She stuck her hand up the hero’s shit.

See how much of a difference a tiny little ‘R’ can make?  Obviously, spell check didn’t see the difference between ‘Shit’ and ‘Shirt’ because they’re both real words.

Perhaps I’ve accidently stumbled upon a new genre and ‘poo porn’ just might be the next thing to take over the market.

Nah, I didn’t think so either.

Let’s take a moment to offer you some amazing book deals and then we’ll proceed to my funny-ish story.

I signed up to be part of a multi author promotion.  A whole heaping mess of writers are joining forces and discounting their books to FREE or 99 Cents on Amazon, myself included.  This involves nothing on your part except for clicking the link below (I mean you don’t have to sign up for a newsletter to snag these great deals…they’re available on Amazon).  But wait…there’s more…. For the first time EVER, my newest release, ‘Chasing the Bodyguard,’ is on sale for the low, low price of 99 cents.  That’s right…I chose to discount my full length, 348 page, contemporary romantic suspense comedy action Irish Mafia road trip romance for only 99 pennies!  Holy shit, what a deal!

Time for some links and then we can move on…

Here’s the link to the Romance Book Fair with 99 cent and free books on Amazon…

March Romance Book Fair

And the link to my 99 cent book….

chasing the cover

Okay… let’s get to the main story of amusement for this week’s newsletter.  Nothing terribly monumental happened in the past two weeks since I last checked in, so I’m going to the vault with a gem of a story from probably seventeen-ish years ago.

Once upon a time (three houses ago) I lived out in the country in a house next to a large field that was next to a creek.  It was during the winter, so we can safely assume it was late December, early January.  I had a nine year old stepson and an eleven month old black Labrador puppy, and both were cooped up and looking for adventure.  So I had the genius idea of taking a ‘wilderness hike’ to the creek.  We hadn’t lived in the house very long and tended to stick to our own yard, so this was something new and exciting.

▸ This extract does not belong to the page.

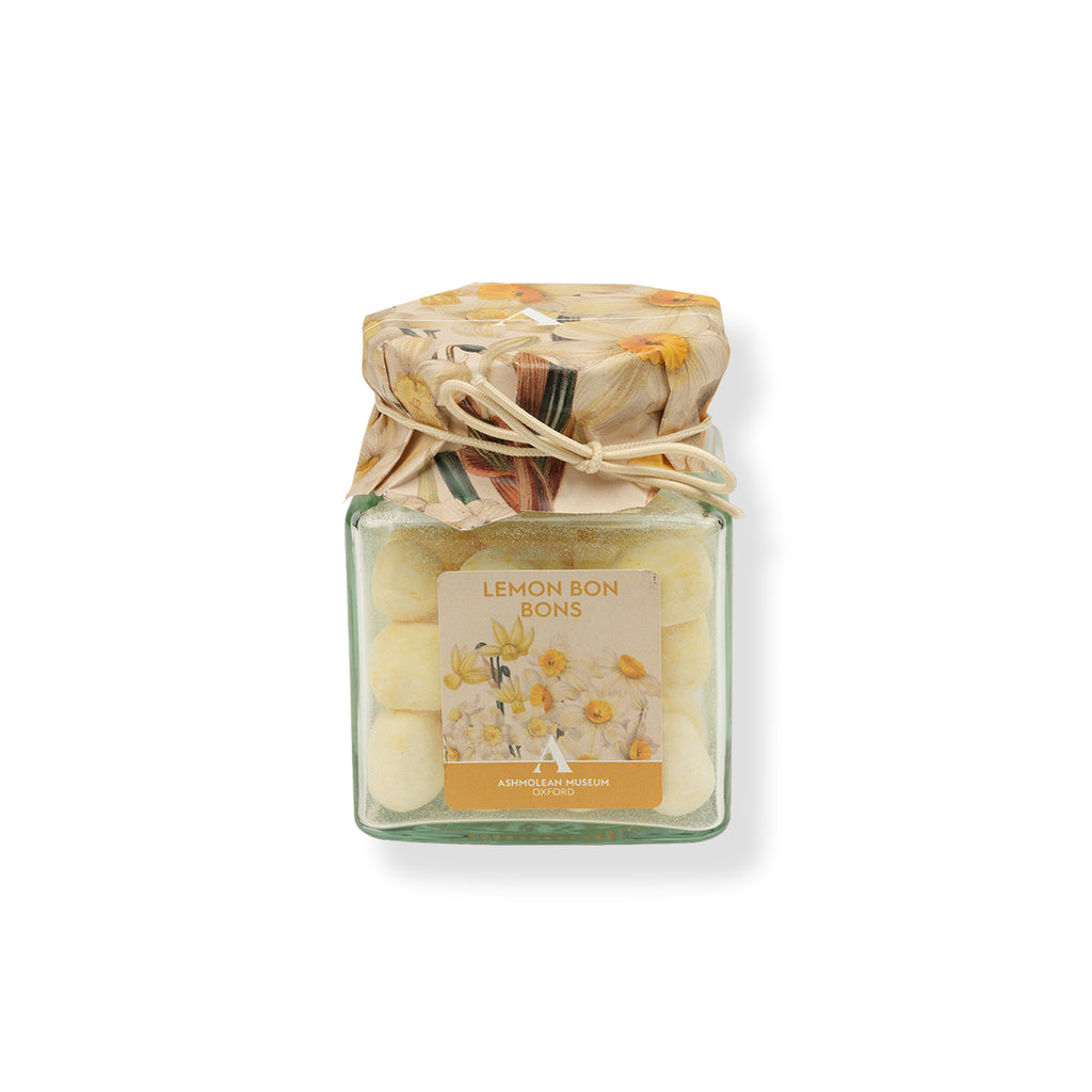 The top of each jar is wrapped with an exclusive Ashmolean branded lid cover featuring decorative colour-themed artwork taken from the museum's collections, and tied up with string to provide a pleasing vintage aesthetic. After enjoying the sweets, the decorative glass jar can be repurposed to store other treats such as homemade jams and chutneys, or to display flowers, candles, or whatever else you fancy!

Once all our gear was put on (boots, hat, scarf, gloves, etc), we were all set.  The pup was full of energy and eager to sniff every new bush and explore new terrain.  My stepson found a walking stick and he was getting into the spirit of the adventure.  All was well until we actually came to the creek.  That’s where the real fun began.

Let me explain that this wasn’t a huge creek, maybe eight feet across, and the water was flowing nicely but not too strong with raging rapids that might suck you in and drown you.  In other words, there was no clear and present danger.  There was, however, a huge ice chunk in the middle of the creek.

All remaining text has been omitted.